Tips To Seniors For Wintertime Travels With Grandkids Print

Not just for the traditional holiday season, but how about leaving the parents at home and doing some exciting winter travel with your grandkids? You know you spoil those kids, so wouldn’t it be fun to be with them exclusively when no parents are around to tell you you’re spoiling them? And don’t forget to make a video or photo record of all the memorable events you’ve planned. Here are just a few ideas.

Boy on sled

 

1. Take them to a mountain ski area for a weekend in the snow. Teach them the basics of skiing, starting with snowboards for the littlest ones and progressing as far as they can handle on beginners’ ski slopes. Enjoy warm evenings together by the hotel fire, and let them stay up as late as they want.

2. On the other hand ... free them for a week from parents and winter snow in their hometown, and venture to a sunny tropical beach where winter temperatures go up to the 70s and beyond. Wade and splash with them in the ocean, and maybe they can share some some of your own hang ten skills you still have from when you were a world-class surfer. Watch the sun go down over the ocean horizon while you toast hot dogs and marshmallows at your campfire on the beach.

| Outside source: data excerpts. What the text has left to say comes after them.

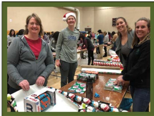
RSMC Employee-Owners and family help wrap gifts for the Annual Toy & Book Drive

On Tuesday, December 19 th , RSMC employee-owners and families volunteered their time at the Second Harvest Food Bank in San Carlos. RSMC employee-owners helped sort food donations into appropriate containers, which are provided to families in need throughout San Mateo County.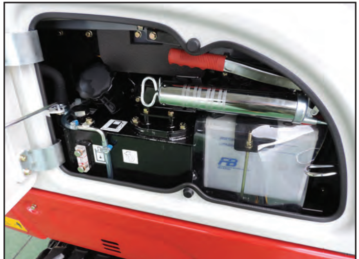
Convenient Service and Maintenance Access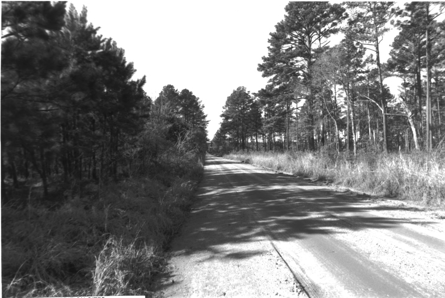
CAMDEN EXPEDITION SITES Marks' Mills Battlefield Cleveland County, Arkansas From east at point of Union van's capture Photo: Don Baker, 1993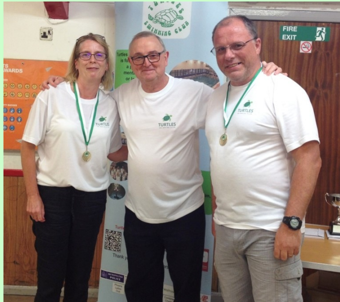
AGM June 2019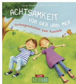
Attentiveness for All of Us! – Story Time is Cuddle Time!

3. Take them to the big city for a weekend of Broadway-quality stage shows. For instance, now most popular in New York, off-Broadway and in many other cities are kid-friendly “Beauty and the Beast”, “The Color Purple”, “Jersey Boys”, “The Lion King”, “Tarzan”, “Wicked” and others. Eat in upscale restaurants and don’t tell the kids’ parents how much money they cost.

4. OK, those evil adult children of yours won’t allow you to take your grandkids away from home, even for a weekend. Pick a snowy day to visit them and relive your own youth when you thought snow was the most wonderful gift from heaven a kid could enjoy. Of course, you need to make the very best snowman in the neighborhood. Get creative with hat, scarf, brooms and veggies to give your snowman real style. Build up snow blocks or use some big cartons to construct two snow forts. Then choose up sides and have a snowball fight. And if you arrive just when the snow has freshly fallen, make snow angels with your littlest family angels.

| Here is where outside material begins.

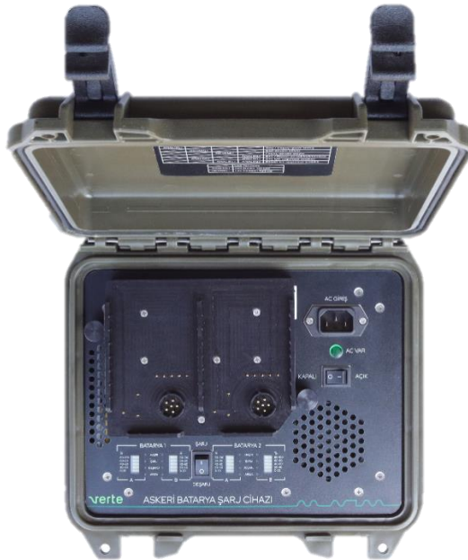
Figure 1: MILCHAR-US-4B14-200W front panel view

Battery charger panel components are described below and shown in Figure 2.

5. Of course, the greatest gift you can give yourselves and your grandkids is a trip to a Disney park. In the 1970s and 1980s, when our kids were growing up, our family went on winter vacations to Walt Disney World at least a dozen times. Nothing is more enjoyable for parents ... and grandparents ... than to see how kids fall totally under the spell of the Disney wonders.

OK, now turn off that boring TV set and drag your butt out of that comfy couch. Start planning to enjoy some memorable adventures of a lifetime with those youngest members of your family. Do it now, because they’ll soon be too old to travel with their grandparents, and you ain’t gettin’ any younger either.